# CS 240: Lecture 18 - Balanced Tree

Dear students:

Last time we introduced a special case of binary trees in which the left descendents are all less than their root and all the right descendents are greater. Such a tree holds the binary search in its bones.

The binary search is fast, right? We like that. To get that speed, we need to sort our collection and keep it sorted as we add new things to it. We already know how to perform sorting, searching, and inserting on array lists, so why bother with trees as a a new structure for performing a binary search? You've heard the answer before: for faster performance. Consider this table comparing the worst case performance of the find, insert, and remove operations for sorted arrays and binary search trees:

data structure | find | insert | remove |
---|---|---|---|

sorted array | \(\Theta(\log_2 n)\) | \(\Theta(n)\) | \(\Theta(n)\) |

unbalanced tree | \(\Theta(n)\) | \(\Theta(n)\) | \(\Theta(n)\) |

balanced tree | \(\Theta(\log_2 n)\) | \(\Theta(\log_2 n)\) | \(\Theta(\log_2 n)\) |

Binary search trees beat out arrays when it comes to inserting and removing because they are linked. Arrays need to shuffle their elements around. However, binary search trees are faster only when they are close to perfect, when they have as much mass on the left as on the right. When they aren't balanced, the performance degenerates to linear time for all three operations.

## AVL Trees

Care must be taken to keep a tree balanced, and there are several data structures that do so. The data structure we examine today is an AVL tree. This was the first so-called self-balancing tree that was invented all the way back in the 1960s by a couple of Soviet researchers. There's another balancing structure called a red-black tree that we will not discuss. One balancing tree is sufficient for you to understand how we achieve logarithmic worst-case performance.

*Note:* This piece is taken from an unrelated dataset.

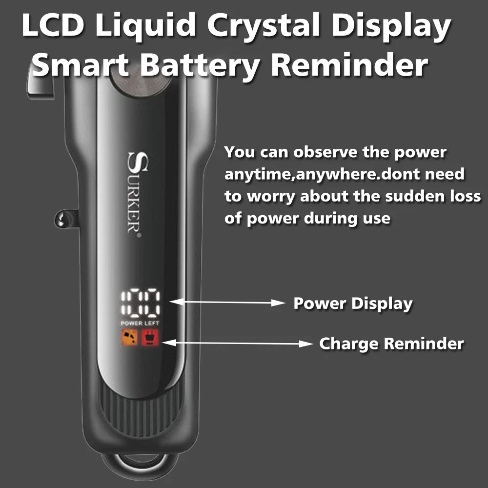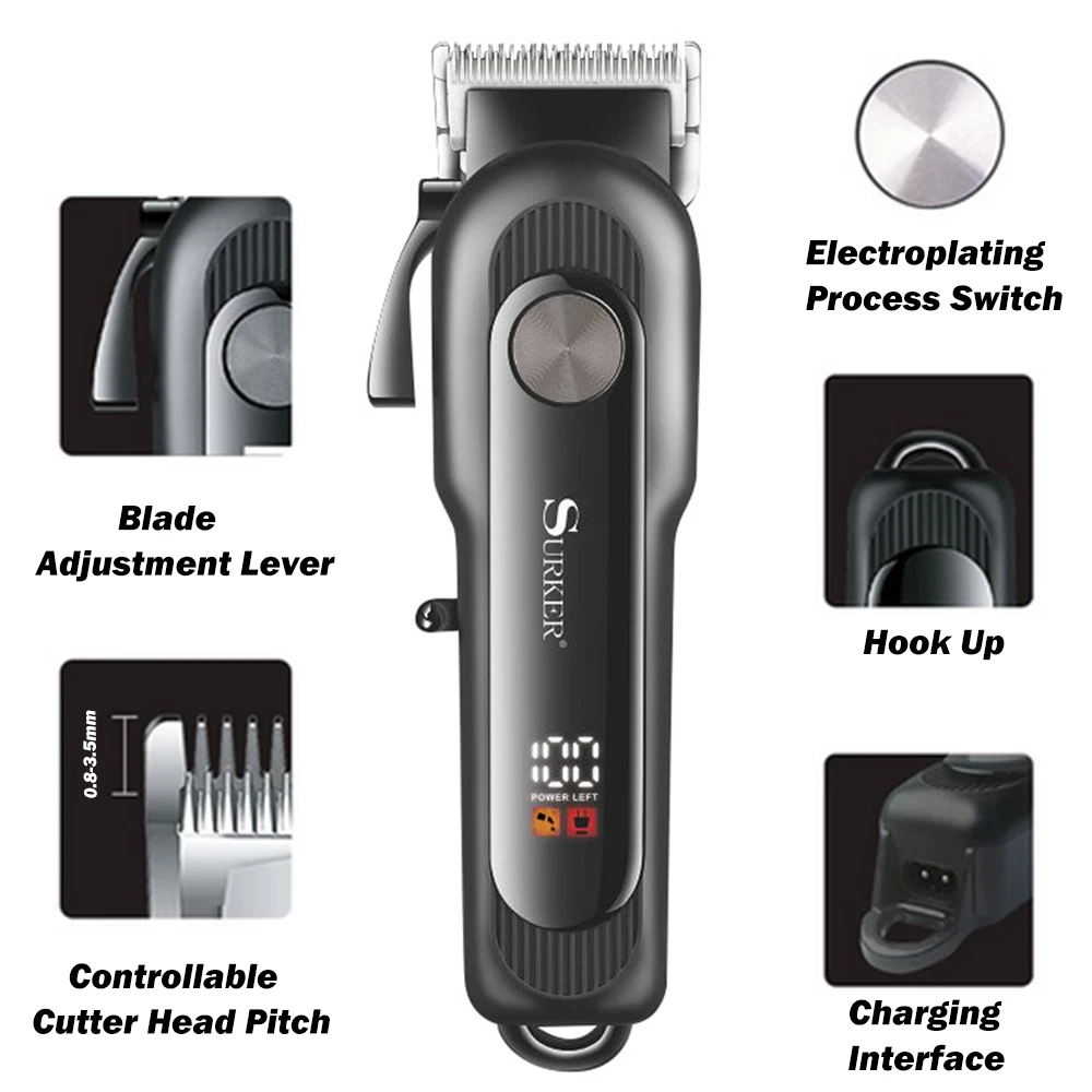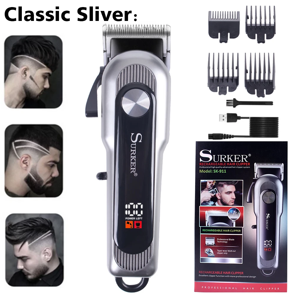 Product details: 1 Using high quality steel, sharp and durable. 2: limit comb * 4 (3/6/9/12mm) 3: The R-type blade safely, cuts hair easily and does not hurt the skin. 4: waterproof design, easy to clean. 5: Large capacity lithium battery can work up to 240 minutes. Product parameters : Brand: Surker Product Name:SK-911 Body weight: 252g Color box size: 23.5*6.5*14cm Machine size: 19*5/7.4*1.9 Inch Color: Black / Grey Voltage: 110-240V 50/60HZ Power 5W, Use Time: Charge 3 hours , Use 150 mins Include: host*1 USB cable*1 limit comb*4, cleaning brush*1

In an AVL tree, each node is assigned a balance factor. A node's balance factor is the difference between its children's heights. If the left side is taller than the right, then the balance factor is positive. If the right side is taller, then the balance factor is negative. Some definitions flip the sign. If the two sides are equal, the balance factor is 0. The balance factor is calculated as `left.height - right.height`

. If a child doesn't exist, its height is considered to be -1.

We'll practice computing balance factors on several random trees.

An AVL tree is a binary search tree, and inserting and removing start just as they do in a non-balanced tree. You start at the root and traverse either left or right until you find the spot in the tree where the key belongs. After the node is added or removed, you might have an imbalanced tree. You restore balance by *rotating* the imbalanced node.

## Rotating

After a new node is inserted in an AVL tree or an old one is removed, one must walk up from the new node, possibly all the way to the root. If any node on that path has a balance factor greater than 1 or less than -1, then it must be rebalanced by rotating the node. Rotating a node left means that its right child takes its place as the parent, and the node becomes its left child. Rotating a node right means that its left child takes its place as the parent, and the node becomes its right child.

The new parent might already have a child in the place where the rotated node is supposed to be installed. The child will have to be moved, but where? The rotated node has lost one of its children, so it's a good candidate. In a left rotation, the new parent's left child moves to become the right child of the rotated node. In a right rotation, the new parent's right child moves to become the left child of the rotated node.

A single rotation will not always balance out the tree. This situation can be detected by comparing the signs of the balance factors of the node you want to rotate and the node that will take its place. If their signs are different, then the new balance factors won't improve. In such a situation, we first rotate the node's child.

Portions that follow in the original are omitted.